The vision of EEZ—shared security, application chain sovereignty, inter-chain interoperability—shares similarities with the narratives of ecosystems like Cosmos and Polkadot. When asked about key differences, the founder of Nosis pointed to a core aspect: economic relevance. Connecting to the Ethereum mainnet means directly accessing its massive liquidity, a fundamental advantage not possessed by other attempts like the Atom economic zone. Additionally, Ethereum’s longer decision-making cycles and stronger social cohesion also facilitate the establishment and advancement of complex agreements.

Regarding Ethereum's future role, the founder of Nosis presented a challenging perspective: In the long term, ordinary end users might have no reason to directly use the Ethereum mainnet. This is because prioritizing censorship resistance also means that no protection can be provided to users (such as recourse for fraudulent losses). He believes this may ultimately suit only a small portion of technology experts within the global population. Ethereum is more likely to evolve into a "dumb pipe" or a neutral base layer, while rich, distinctive user experiences will be built on various L2 and application chains above EEZ.
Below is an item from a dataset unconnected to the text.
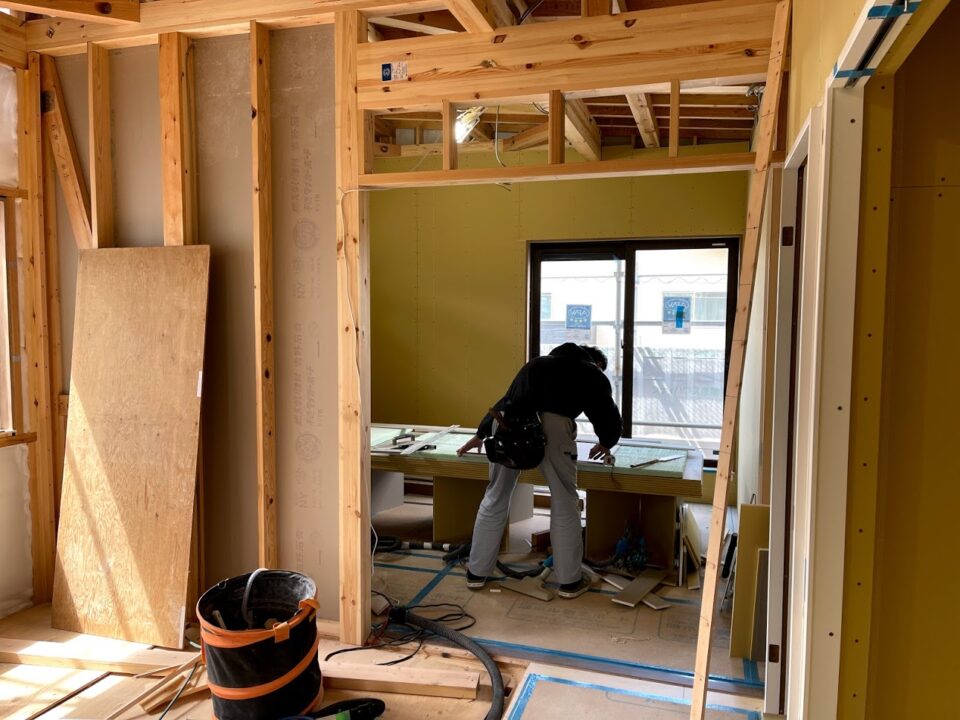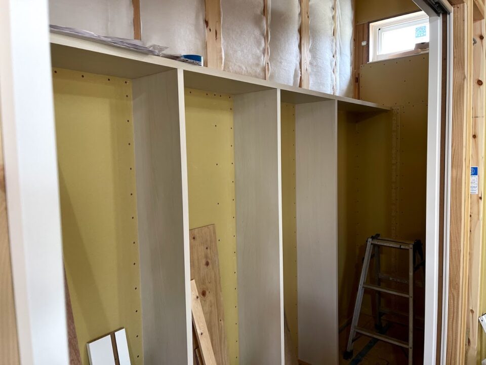 2階ホールの収納を造作していた大工さん。いつもありがとうございます。

In terms of cost structures, he provided a rough model: Internal transaction costs within L2 are 1 unit, cross-chain transaction costs between L2 chains are 10 units, and transactions involving the Ethereum mainnet are 100 units. Therefore, coexisting with high-frequency interacting DApps or users within the same network remains economically viable, but the ability to call upon the entire EEZ ecosystem at any time provides unprecedented flexibility.

The development process of EEZ is steadily progressing. The founder of Nosis revealed that mainnet contracts are currently undergoing audits, with deployment expected by the end of August. Nosis Chain plans to join EEZ with limited functionality before the end of the year, achieving complete shared liquidity with Ethereum (though infinite nested calls are not yet supported). The entire project has clear goals and a limited scope, and full functionality is anticipated to be achieved in about the next 9 months. For developers, application development networks are already in place, and interested parties can obtain the latest information and participate in construction through the EEZ official website and Telegram groups.

EEZ represents a paradigm shift: from pursuing the ultimate performance of a single chain to building a tightly coupled and efficiently coordinated network of networks. It attempts to address the fragmentation issues arising from the ecological expansion of Ethereum while preserving its core values (decentralization and security), paving the way for the next wave of large-scale applications.